AHIP was also concerned that the 510(k) pathway has sometimes been used to clear medical devices to enter the market without comprehensive safety evaluations.

If CMS decides to continue with the pathway in a final rule, AHIP wants the agency to add a process for stakeholders to evaluate the device for safety, efficacy and value before a Medicare coverage determination is made.

The Medicare Payment Advisory Commission (MedPAC), a panel that advises Congress and CMS on Medicare coverage issues, was also concerned about using the FDA’s approval process to determine Medicare coverage.

“The FDA’s role in the drug and device development process as a regulator is distinct and separate from the role of CMS as a payer,” the panel said in comments on the rule.

The panel said the FDA looks at whether a device is safe and effective for its intended use but may or may not include whether that device is safe for the Medicare population.

CMS should, at the very least, include a coverage with evidence development policy that would still gather clinical evidence on the device, MedPAC said.

The panel was also concerned with CMS’ decision to modify the definitions of “reasonable and necessary” in coverage determinations. Federal law requires Medicare Part A and B to cover items and services that are “reasonable and necessary” for diagnosis or treatment.

Factors used to make this determination include whether the device is safe and effective and is not experimental or investigational.

However, the proposed rule said that commercial insurance coverage could be used to meet the “reasonable and necessary” standard.

But relying on commercial coverage policies could result in coverage of services that don’t improve the outcomes for Medicare patients, MedPAC warns.

“The proposal circumvents Medicare’s coverage determination processes and could undermine Medicare’s evidentiary standard,” the panel added.

AHIP said CMS should not make any decisions based on how a single commercial plan covers a device.

“Coverage by a majority of health insurance providers or a majority of commercial enrollees would be more representative,” AHIP said.
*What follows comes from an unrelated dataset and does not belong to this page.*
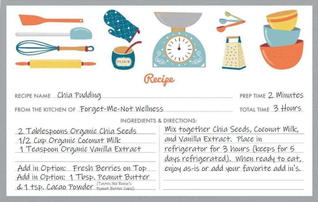 Looking forward to the weekend? So are we! Here at Forget-Me-Not Wellness, we are always looking for ways to improve our family’s overall health. We try to carve out a bit of time for relaxation to unwind and reduce stress over the weekend. One way we try to reduce weekday stress is by doing a bit of food preparation over the weekend. For us, this includes meal planning for the week ahead and prepping as much as possible for the week. Usually, this doesn’t take more than an hour or two but saves so much time throughout the week. This not only allows us to make better choices throughout the workweek, but it gives us extra time with our families when we are not constantly thinking about meals and snacks. One of our favorite on-the-go-breakfast options is a quick chia pudding.

The medical device industry also has concerns with the rule’s proposed definitions.

“Commercial insurance coverage decisions lack transparency and processes for stakeholder engagement and are not appropriate for inclusion in Medicare’s reasonable and necessary definition,” said the Advanced Medical Technology Association (AdvaMed), the leading device lobbying group, in comments.

However, AdvaMed cheered the moves to hasten coverage determination for breakthrough devices.

“CMS is sending a signal to the entire innovation ecosystem that taking the risk to develop new breakthroughs will be rewarded if those devices receive FDA marketing authorization and improve patient care,” the group said.